In February 2016, then principal of the college had written to the director general, Medical and Health Services seeking Rs 37.99 crore for the treatment of encephalitis cases, the Wire quoted sources as saying. However, both the central and the state governments have not provided the sum so far.

Indian medical staff attend to a child admitted in the Encephalitis ward at The Baba Raghav Das Hospital in Gorakhpur, in the northern Indian state of Uttar Pradesh, on August 12, 2017.SANJAY KANOJIA/AFP/Getty Images

BRD Medical College hospital doesn't have enough funds to keep the medicine stock afloat. No provisions were put in place for the treatment of encephalitis patients.

Lack of funds and facilities have forced hospital authorities to put two patients on one bed. The relatives are made to sign consent forms, which absolves the hospital of legal complications arising from hospital-acquired infections due to the sharing of the bed, the Wire reported.

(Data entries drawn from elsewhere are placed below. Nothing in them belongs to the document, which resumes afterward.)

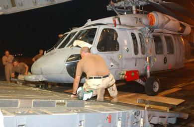 Keywords: Darryll Connor Loads an MH-60 Helicopter Onto a U.S. Air Force C-17 DVIDS11323.jpg en MANAMA Bahrain -- Aviation Maintenance Administrationman First Class Darryll Connor a native of Missoula Mo loads an MH-60 helicopter onto a U S Air Force C-17 in Bahrain Oct 15 for transport to Pakistan The helo and members of Connor's squadron will help deliver medical supplies water and tents to earthquake victims to support the government of Pakistan's relief efforts Helicopter Sea Combat Squadron 26 HSC 26 provides logistic support to naval assets deployed in the North Arabian Gulf In addition to providing support as part of maritime security operations in the region the squadron will deploy 25 sailors and two MH-60s helicopters to help those in need in Pakistan U S Navy photo by Photographer's Mate second Class Kim Bennett 2005-10-14 https //www dvidshub net/image/11323 11323 2005-10-16 15 05 MANAMA BH PD-USGov Manama Images from DoD uploaded by Fæ People from Missoula Montana |
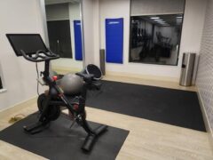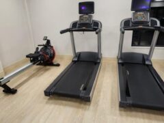 The cardio section is quite extensive with a Peloton bike, a spinning-like bike, three cross-trainers, a stationary bike, four treadmills and a rowing machine.
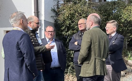Auf diesen Mangel u. a. verwiesen WECK-HOLZ-Geschäftsführer Johannes Kirchner und HPE-Geschäftsführer Marcus Kirschner im Gespräch mit dem Vorsitzenden der EVP im Europaparlament Manfred Weber, dem Europaabgeordneten Christian Doleschal, dem Vizepräsidenten des Bayerischen Landtags Tobias Reiß und Landrat Roland Grillmeier. Johannes Kirchner überreichte einen offenen Brief in dem er die Volksvertreter dazu einlud das Unternehmen zu besuchen, um sich über weitere besorgniserregende Veränderungen zu informieren, welche durch die EU-Verordnung für die Holzpackmittelbranche und deren Kunden im Raum stehen.

The paediatric ICU has 50 beds for an average of 300 children admitted every month. The college had sent a proposal to the state government requesting for a larger ward to be managed by 149 staff. The proposal, which requires a budget of Rs 10 crore., hasn't been approved by the Adityanath government yet.

Indian workers examine oxygen cylinders at the Baba Raghav Das Hospital in Gorakhpur, in the northern Indian state of Uttar Pradesh, on August 12, 2017.AFP/Getty Images

Payments to the oxygen supplier were not released since November 2016 resulting in the amount going up to Rs 66 lakh this year forcing the company to cut the supply of oxygen cylinders.

Most of the staff at the hospital have not been paid salaries for almost two years. The staff tending the encephalitis wards were paid over the last couple of days after a delay of five months. Salaries of employees monitoring the neo-natal department are pending for six months now.

Chief Minister Yogi Adityanath has assured strict action if any death was caused due to medical negligence. But it still remains to be seen what the government does to deal with the larger problem.